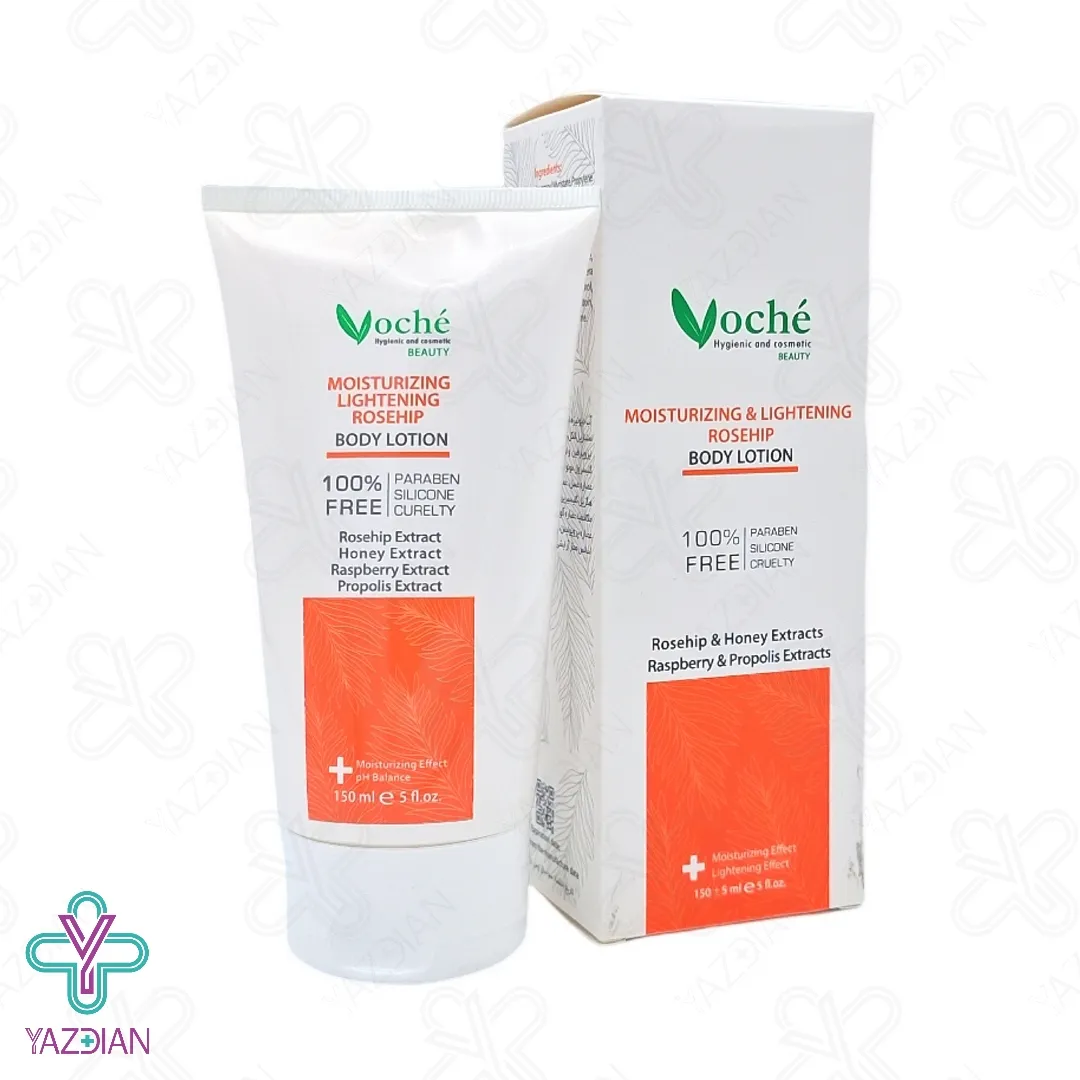 لوسیون مرطوب کننده و شفاف کننده رزهیپ وچه - 150 میلی لیتر (Voche Rosehip Moisturizing Body Lotion ۱۵۰ ml) ساخت شرکت محبوب توسعه کسر آسیا در کشور عزیزمان ایران می باشد که بدلیل بافت بسیار سبکی که دارد، به آسانی روی پوست پخش می شود و روی پوست سنگینی نمی کند.
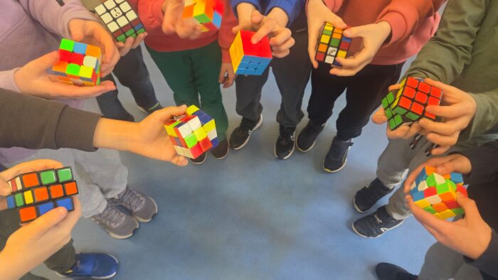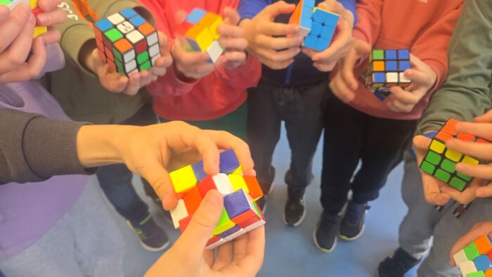 17. kwietnia obchodziliśmy Światowy Dzień Kostki Rubika, który spotkał się z dużym zainteresowaniem uczniów. Dzieci z klas I–III przyniosły do szkoły swoje kostki Rubika i chętnie wykorzystywały przerwy międzylekcyjne do wspólnej zabawy oraz prób układania kolorowych ścianek. Wydarzenie sprzyjało integracji uczniów, rozwijaniu cierpliwości, koncentracji oraz logicznego myślenia, a jednocześnie stało się okazją do wspólnej, aktywnej i twórczej zabawy w szkolnej przestrzeni.
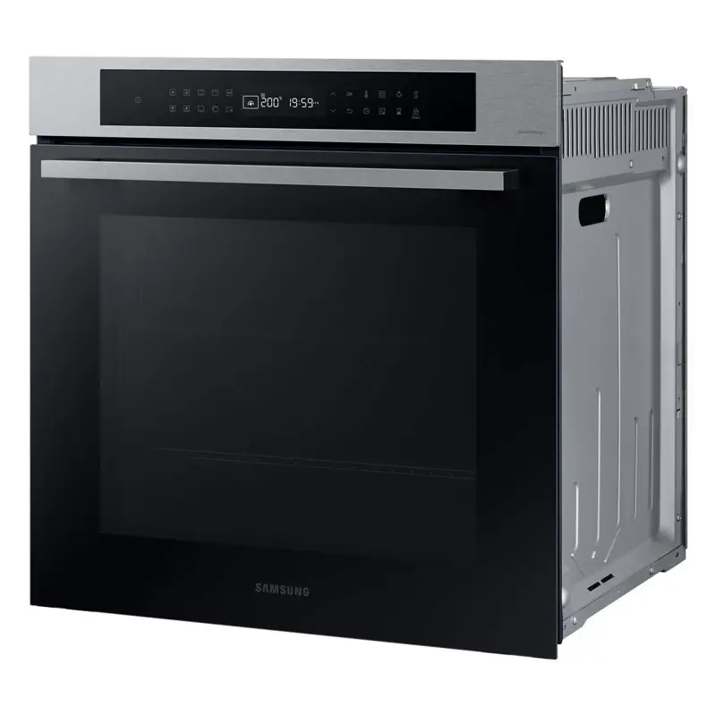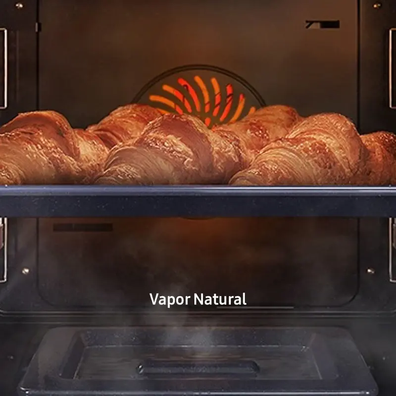 Horno Eléctrico Inteligente | Serie 4 | Vapor Natural | SmartThings | WiFi | Catalytic Cleaning | 76L | Eficiencia Energética A UNA COCINA MÁS ATRACTIVA Dale a tu cocina un aspecto elegante y único que refleje tu gusto personal y complemente el diseño interior existente. MANTIENE LOS ALIMENTOS JUGOSOS POR DENTRO Y DORADOS POR FUERA Disfrutá de alimentos deliciosamente jugosos pero crujientes. Para utilizar Vapor Natural sólo tenés que colocar la bandeja específica en la parte inferior del horno y verter agua sobre ella. Así se crea vapor mientras se cocina. Ayuda a retener la humedad natural de los alimentos, para que queden jugosos y tiernos por dentro, pero dorados y crujientes por fuera. FÁCIL AUTOLIMPIEZA Ahorrá el tiempo y el esfuerzo de fregar el horno. El sistema Limpieza Catalítica facilita la limpieza del horno. El revestimiento catalítico de la parte trasera de la cavidad absorbe la grasa de salpicaduras y goteos durante la cocción. De este modo, se limpia solo, sin esfuerzo ni costosos productos de limpieza. COCINA MUCHO MÁS Creá más platos y de mayor tamaño con un horno de 76 litros de capacidad. Te abre más posibilidades en la cocina casera. Podés preparar muchos alimentos diferentes juntos, como todo lo que necesitas para una fiesta. O podés acomodar fácilmente platos grandes, como un pollo tamaño king, para una reunión familiar. EFICIENCIA ENERGÉTICA A SIN CONCESIONES Hacé que tu hogar sea más eficiente energéticamente. Podés utilizar todo el horno y disfrutar de una excepcional eficiencia energética con clasificación A con el modo de convención Eco. Ahorrá energía utilizando menos potencia, pero seguí teniendo la comodidad de un espacio de horno muy grande y flexible. Y reducí las nocivas emisiones de CO2. ESTANTE DE DESPLAZAMIENTO SUAVE Meté y sacá las cosas del horno mucho más fácilmente. El Telescopic Rail se desliza suavemente hacia dentro y hacia fuera sin apenas esfuerzo, incluso si utilizás ollas grandes o pesadas. Crea mucha menos fricción, por lo que es mucho más fácil cargar y descargar. Y podrás hilvanar, girar y sazonar los alimentos sin derrames. MÁS ALEGRÍA, MENOS CARGA Hacé que tu experiencia en la cocina sea más divertida. Con la función SmartThings Cooking, ahorrarás tiempo y minimizarás la carga de cocción. Esta función entiende tus necesidades, te recomienda recetas personalizadas y crea un plan de comidas semanal. También te ofrece una experiencia de cocina guiada y te permite hacer las compras sin esfuerzo. Horno Eléctrico Samsung NV7000B con vapor CONVECCIÓN 1800W | GRILL 1600/1100 W | POTENCIA DE SALIDA 3200W
#####
> [What is expected]: Omitting the pictures, write out the material above exactly as it stands.

> [Solution]:
 لوسیون مرطوب کننده و شفاف کننده رزهیپ وچه - 150 میلی لیتر (Voche Rosehip Moisturizing Body Lotion ۱۵۰ ml) ساخت شرکت محبوب توسعه کسر آسیا در کشور عزیزمان ایران می باشد که بدلیل بافت بسیار سبکی که دارد، به آسانی روی پوست پخش می شود و روی پوست سنگینی نمی کند.
 17. kwietnia obchodziliśmy Światowy Dzień Kostki Rubika, który spotkał się z dużym zainteresowaniem uczniów. Dzieci z klas I–III przyniosły do szkoły swoje kostki Rubika i chętnie wykorzystywały przerwy międzylekcyjne do wspólnej zabawy oraz prób układania kolorowych ścianek. Wydarzenie sprzyjało integracji uczniów, rozwijaniu cierpliwości, koncentracji oraz logicznego myślenia, a jednocześnie stało się okazją do wspólnej, aktywnej i twórczej zabawy w szkolnej przestrzeni.
 Horno Eléctrico Inteligente | Serie 4 | Vapor Natural | SmartThings | WiFi | Catalytic Cleaning | 76L | Eficiencia Energética A UNA COCINA MÁS ATRACTIVA Dale a tu cocina un aspecto elegante y único que refleje tu gusto personal y complemente el diseño interior existente. MANTIENE LOS ALIMENTOS JUGOSOS POR DENTRO Y DORADOS POR FUERA Disfrutá de alimentos deliciosamente jugosos pero crujientes. Para utilizar Vapor Natural sólo tenés que colocar la bandeja específica en la parte inferior del horno y verter agua sobre ella. Así se crea vapor mientras se cocina. Ayuda a retener la humedad natural de los alimentos, para que queden jugosos y tiernos por dentro, pero dorados y crujientes por fuera. FÁCIL AUTOLIMPIEZA Ahorrá el tiempo y el esfuerzo de fregar el horno. El sistema Limpieza Catalítica facilita la limpieza del horno. El revestimiento catalítico de la parte trasera de la cavidad absorbe la grasa de salpicaduras y goteos durante la cocción. De este modo, se limpia solo, sin esfuerzo ni costosos productos de limpieza. COCINA MUCHO MÁS Creá más platos y de mayor tamaño con un horno de 76 litros de capacidad. Te abre más posibilidades en la cocina casera. Podés preparar muchos alimentos diferentes juntos, como todo lo que necesitas para una fiesta. O podés acomodar fácilmente platos grandes, como un pollo tamaño king, para una reunión familiar. EFICIENCIA ENERGÉTICA A SIN CONCESIONES Hacé que tu hogar sea más eficiente energéticamente. Podés utilizar todo el horno y disfrutar de una excepcional eficiencia energética con clasificación A con el modo de convención Eco. Ahorrá energía utilizando menos potencia, pero seguí teniendo la comodidad de un espacio de horno muy grande y flexible. Y reducí las nocivas emisiones de CO2. ESTANTE DE DESPLAZAMIENTO SUAVE Meté y sacá las cosas del horno mucho más fácilmente. El Telescopic Rail se desliza suavemente hacia dentro y hacia fuera sin apenas esfuerzo, incluso si utilizás ollas grandes o pesadas. Crea mucha menos fricción, por lo que es mucho más fácil cargar y descargar. Y podrás hilvanar, girar y sazonar los alimentos sin derrames. MÁS ALEGRÍA, MENOS CARGA Hacé que tu experiencia en la cocina sea más divertida. Con la función SmartThings Cooking, ahorrarás tiempo y minimizarás la carga de cocción. Esta función entiende tus necesidades, te recomienda recetas personalizadas y crea un plan de comidas semanal. También te ofrece una experiencia de cocina guiada y te permite hacer las compras sin esfuerzo. Horno Eléctrico Samsung NV7000B con vapor CONVECCIÓN 1800W | GRILL 1600/1100 W | POTENCIA DE SALIDA 3200W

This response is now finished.